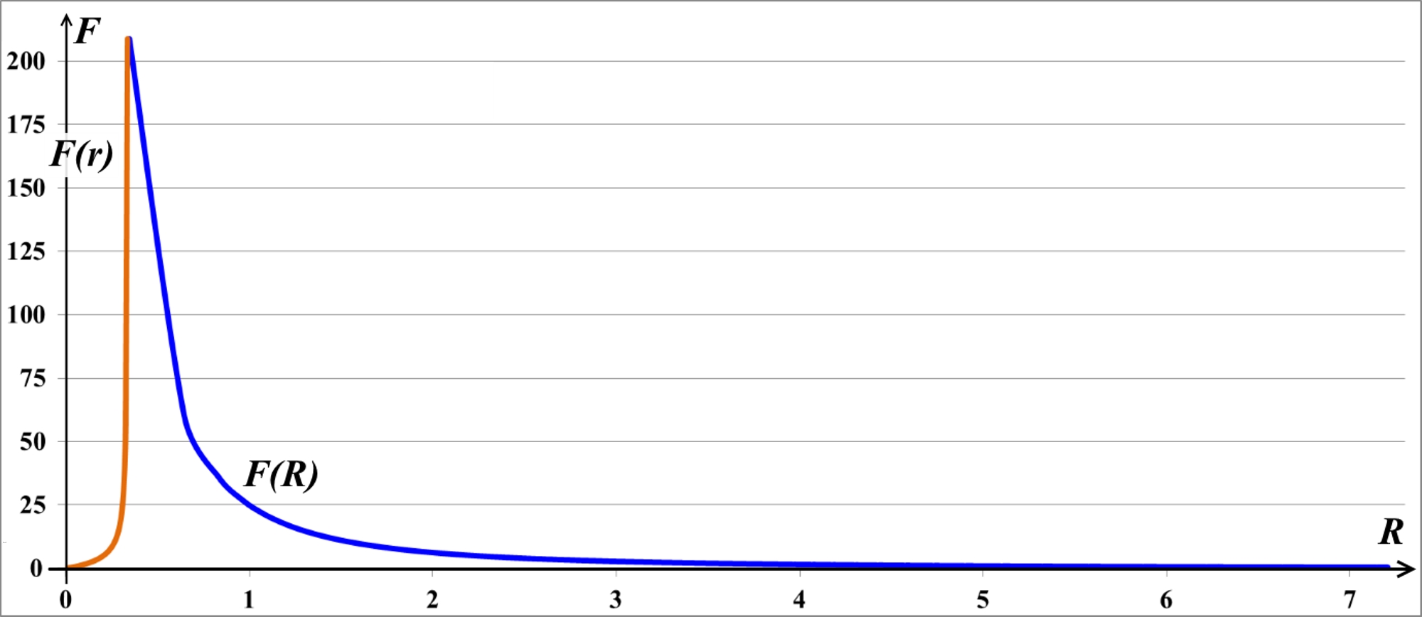 Рис.3.6. Образующая гравитационной воронки массивного объекта M – зависимость силы F(R) от удалённости с учётом размера звезды и её газообразности, то есть, возможности пробного тела m погрузиться в глубину звезды вплоть до её центра. Слева график дополнен силами F(r), действующими внутри массивного объекта.
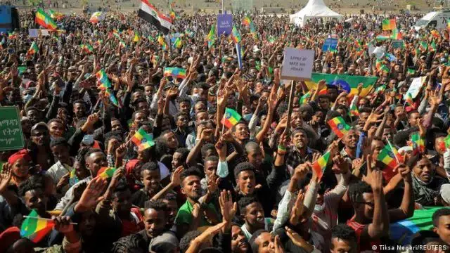 De acordo com os meios de comunicação locais, vários manifestantes presentes na Praça Meskel, no centro da capital Adis Abeba, ergueram bandeiras nacionais e cartazes com mensagens como: “Não precisamos da interferência do estrangeiro”.
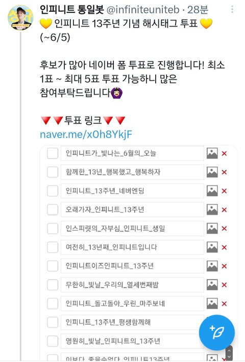 인피니트 13주년 해시태그 투표ㄱㄱ
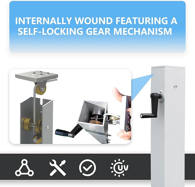 - 【Innovative Built-In Turbo Winder Mechanism】- Features our patented built-in turbo winder system design reduces operating force by 40%, allowing one-handed tension adjustments (unlike competitors' exposed winders) that allows quick and effortless net tension adjustments with smooth operation. The enclosed design completely blocks dust and rainwater.
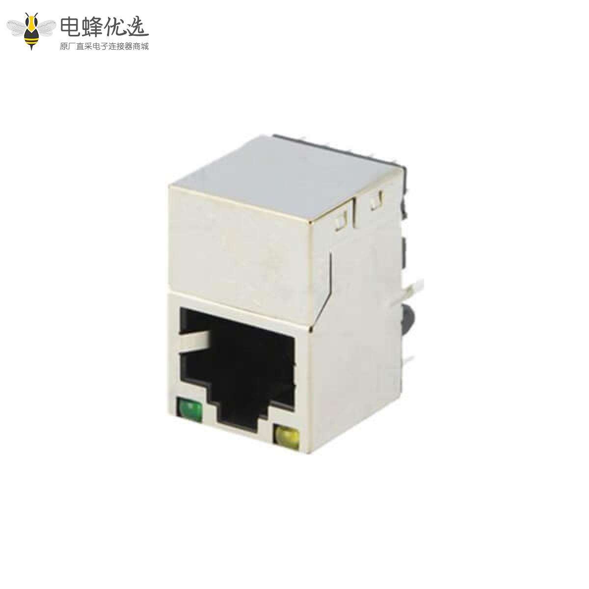 - RJ45连接器,母座,PCB板,8P8C,1*1,单层,单口,直式,屏蔽,带弹片,带灯,不带滤波器,铜壳,镀镍;

__________________________________________________

__Brief__
Going by the entries above, repeat exactly the lines that start at the line with "De acordo com" and go on through the line with "인피니트 13주년 해시태그 투표ㄱㄱ". Pictures are not part of the copy.

__Exercise answer__
 De acordo com os meios de comunicação locais, vários manifestantes presentes na Praça Meskel, no centro da capital Adis Abeba, ergueram bandeiras nacionais e cartazes com mensagens como: “Não precisamos da interferência do estrangeiro”.
 인피니트 13주년 해시태그 투표ㄱㄱ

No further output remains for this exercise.